The Tracks Suffered “Catastrophic Failure” – Repair Had Been Cancelled
Union representatives are blaming a failure of a girder under the transfer car as the reason for the accident. Furthermore, the Union is reporting that the support girder under the tracks shows evidence of a “catastrophic failure,” and that repair work was scheduled – but had been cancelled. Which means that U.S. Steel Gary Works knew that the track was dangerous and let workmen access it anyway.
Investigations Begin into U.S. Steel Workplace
U.S. Steel reports that the company is investigating the accident. (Read that as their defense attorneys are on the job.) A complaint has also been filed with the Indiana Occupational Safety and Health Administration (OSHA), which will conduct its own independent inquiry into what happened on that track last Wednesday.
How Safe Are the Steel Mills Today? The Statistics Aren’t to be Trusted
If you read the statistics, industrial workers overall are purportedly working in a much safer environment – rates of injury have been cut almost in half (46%) over the past ten years.
However, in March 2010, Business Week published an expose of those numbers, reporting that the Department of Labor is suspicious of the numbers that have been reported by employers. The GAO has found that employers underreport injuries to keep insurance premiums down. A Johns Hopkins professor and noted scholar in occupational injury doesn’t believe that the numbers are correct – this big of a decrease just isn’t realistic in her opinion.

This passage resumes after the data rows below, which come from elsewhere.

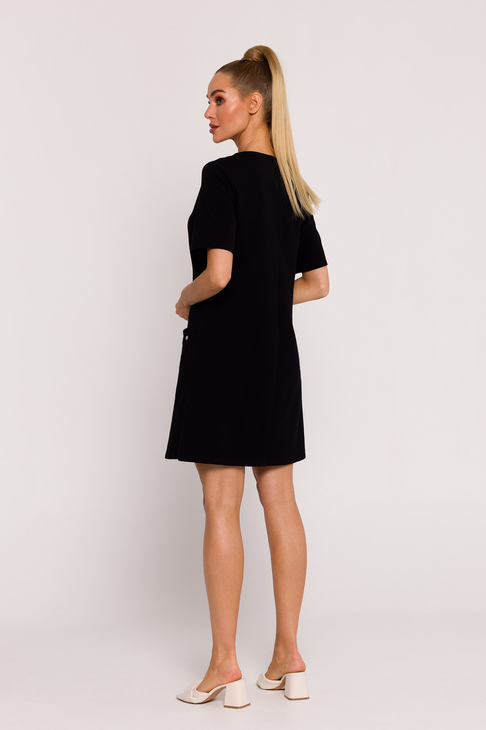 This knit dress is a unique product, designed and made with attention to detail in Poland, which emphasizes the high quality and style of Polish tailoring. The dress has an A-line cut, which gives it a lightness, while emphasizing the feminine silhouette. A subtle neckline adds delicacy to the dress, creating a harmonious balance between elegance and everyday comfort. Short sleeves make the dress ideal for warmer days, adding lightness to the whole look. Practical side pockets hidden in the seams on the front of the dress are not only functional, but also add nonchalance and urban character. A decorative logo-plated plaque placed on one of the pockets is an elegant decorative element, emphasizing the uniqueness of the dress. It is worth noting that the dress has no lining, making it light and airy, perfect for summer days. This garment not only emphasizes Polish design and tailoring tradition, but also combines functionality, comfort and fashionable style. This dress is an excellent choice for women who are looking for a unique piece of clothing, perfect for both everyday wear and special occasions.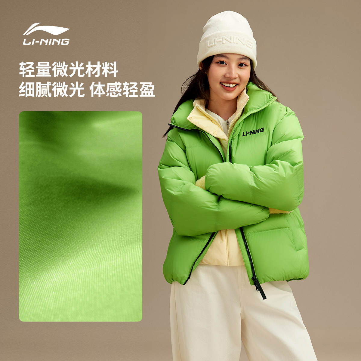 连帽短款 新款 上衣鸭绒棉服女保暖运动外套 女冬季 李宁火锅羽绒服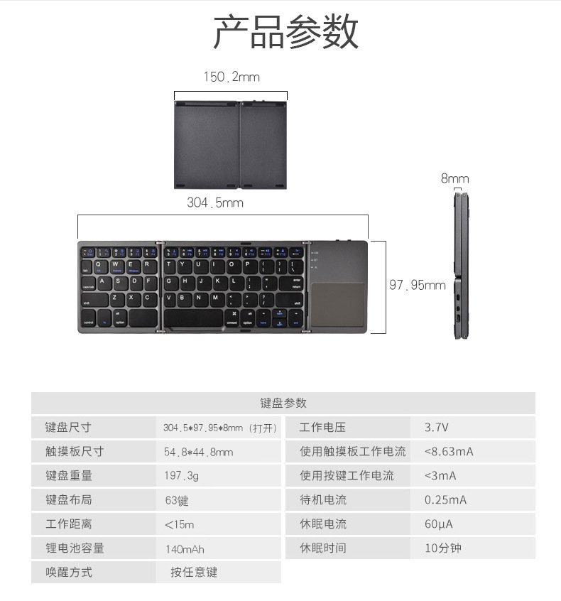 Be the first to review “Portable three-folding wireless bluetooth keyboard mobile phone tablet bluetooth keyboard and mouse all in one with trackpad”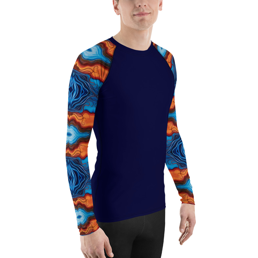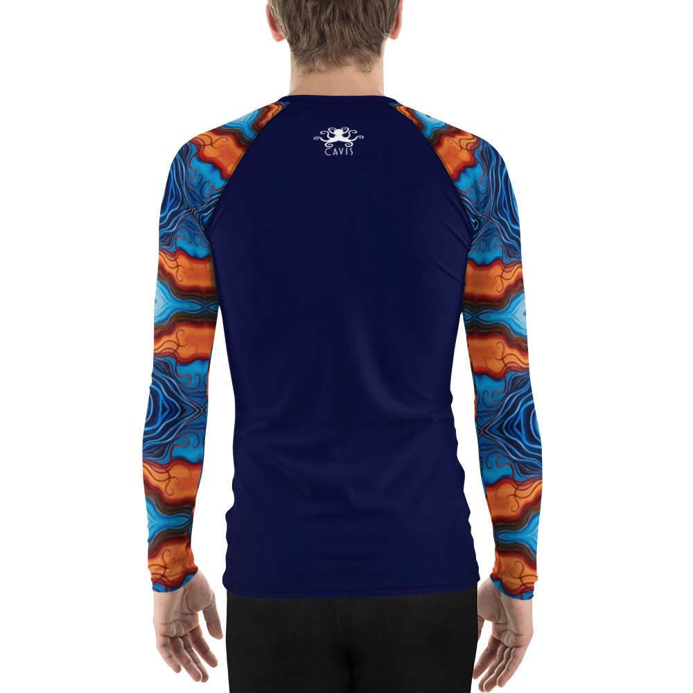 CAVIS Reborn Pattern Sleeve Men’s Rash Guard, Colorful Dive Skin Psychedelic Swim Shirt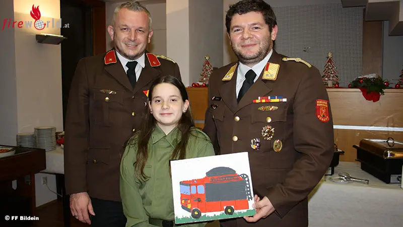 Auch der Tagesordnungspunkt Neuaufnahmen brachte Neues. Die neujährige Viktoria Maria Gratzer trat als erstes weibliches Mitglied der Feuerwehr Bildein bei. Um ihre Freude zu zeigen überreichte sie als Einstandgeschenk dem Kommandanten ein selbstgemaltes Bild des Tanklöschfahrzeuges.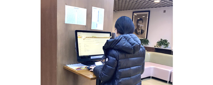 学生在自助查询机前检索图书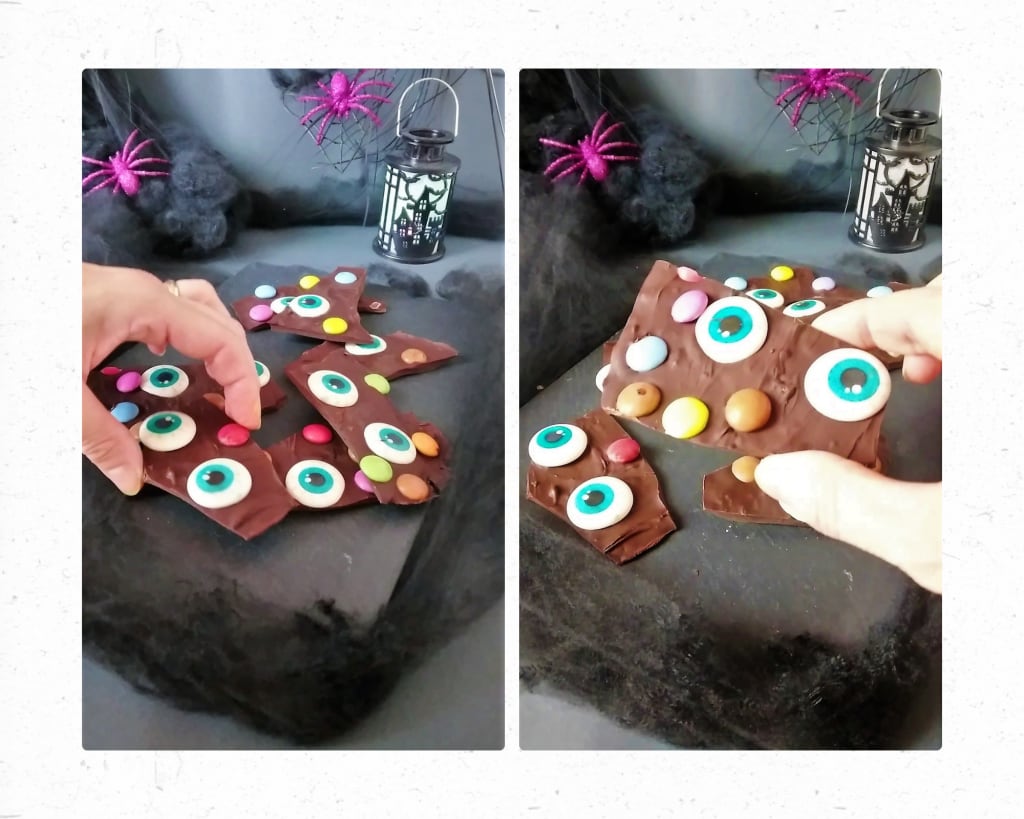 Je hoeft alleen maar wat chocolade (jouw favoriete smaak) te smelten, het in een rechthoekige vorm te gieten (maar niet te precies!) en decoraties toe te voegen die aan Halloween doen denken. Ik koos voor monsterlijke ogen en gekleurde chocolade snoepjes.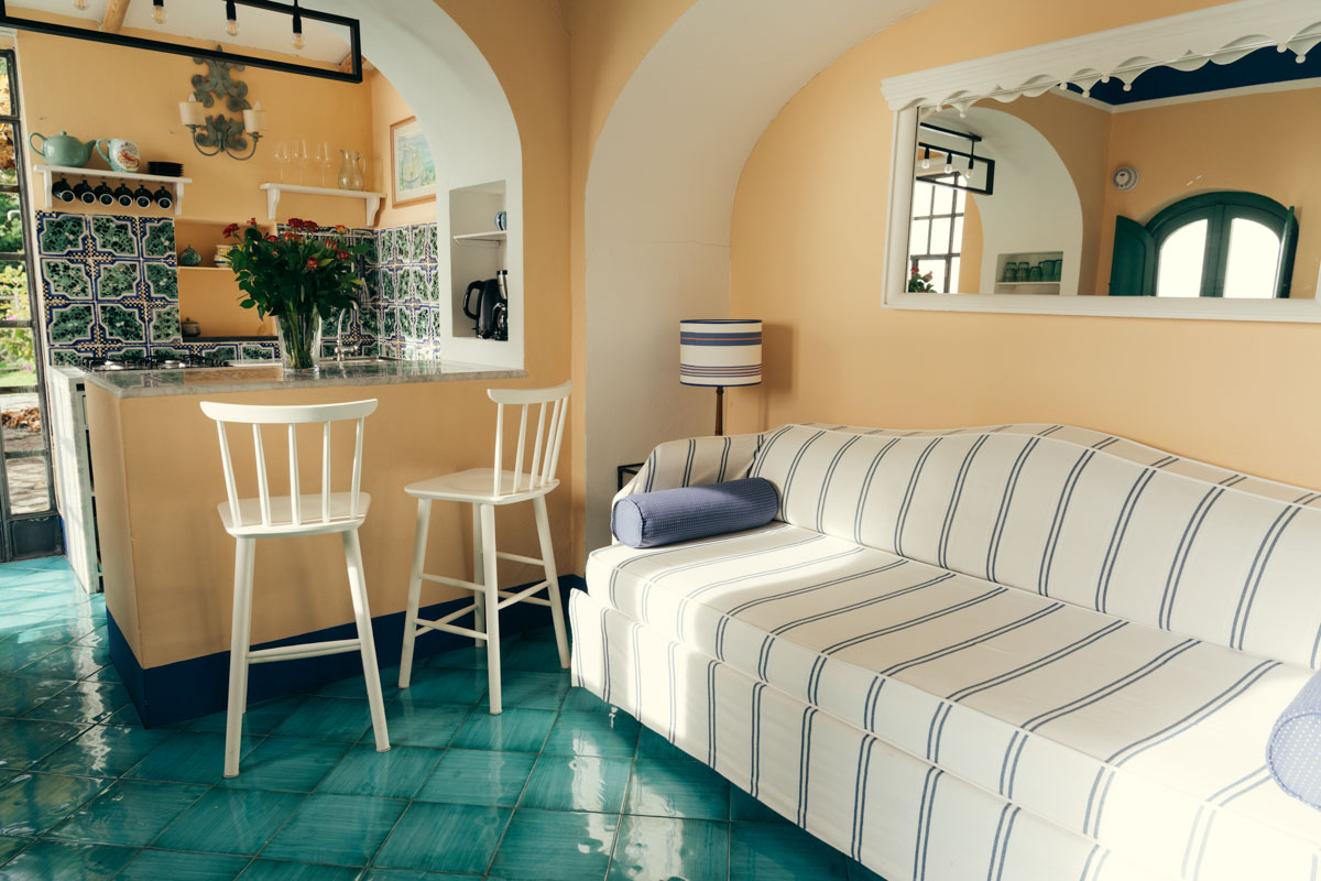 Inside, the apartment combines historical charm with modern comforts. The tower itself houses the main bedroom with a king-size bed and an en-suite bathroom with a shower, while a colourful annex on the surrounding terrace provides a cosy living room with a trundle bed for an additional guest, a small kitchen, and an additional bathroom with a shower. Air conditioning, Wi-Fi, cable TV, and a microwave ensure convenience and comfort throughout the year.
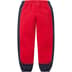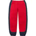 Brushed-back fleece with on seam hand pockets and single back patch pocket. Elastic waistband with interior drawcord and interior elastic shockcord at cuffs. Jacquard logo piping throughout.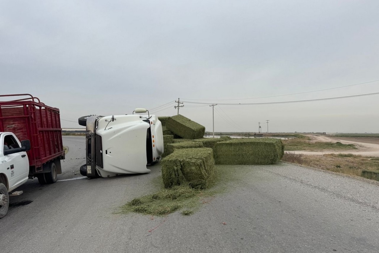 Un tráiler cargado con pacas de alimento para ganado sufrió una volcadura en la zona rural del municipio de Gómez Palacio; el chofer resultó ileso.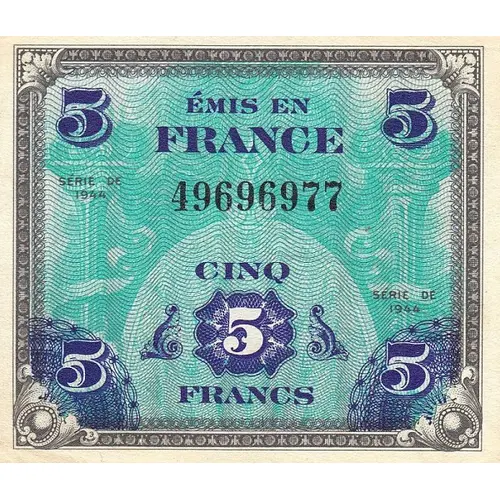 | Obverse lettering | ÉMIS EN FRANCE CINQ FRANCS (Translation: Issued in France Five Francs) |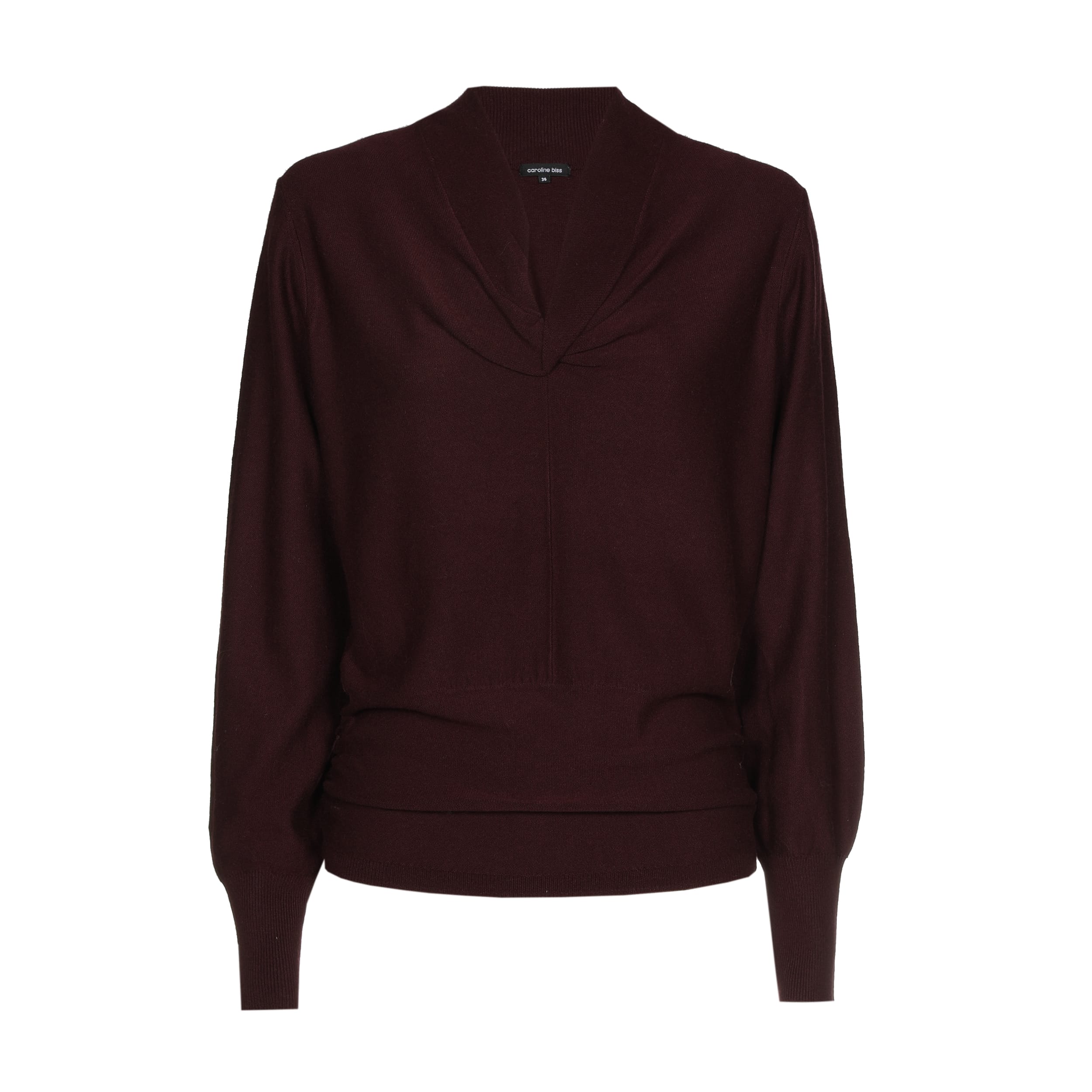 Fijngebreide trui van Caroline Biss met lange mouwen, gedrappeerde tailleband en licht opstaande kraag met V-hals. Materiaal: Viscose 47%| polyamide 35%| katoen 15%| kasjmier 3%

At least one steel company has come back fighting: AK Steel had its rebuttal to the Business Week article published in the national magazine, refuting any subterfuge on its part and denying fudging of numbers to keep costs down.
Statistics versus Reality
Meanwhile, here is one concrete example of a steel worker who has been seriously injured in a work environment that is notoriously dangerous. And from the information that was provided by the Union to the media, it was an accident that would not have happened if the repairs had taken place.
Repairs cost money. Insurance premiums cost money. Money chosen over safety: who is going to explain that reality to the U.S. Steel Gary Works’ injured worker and his loved ones?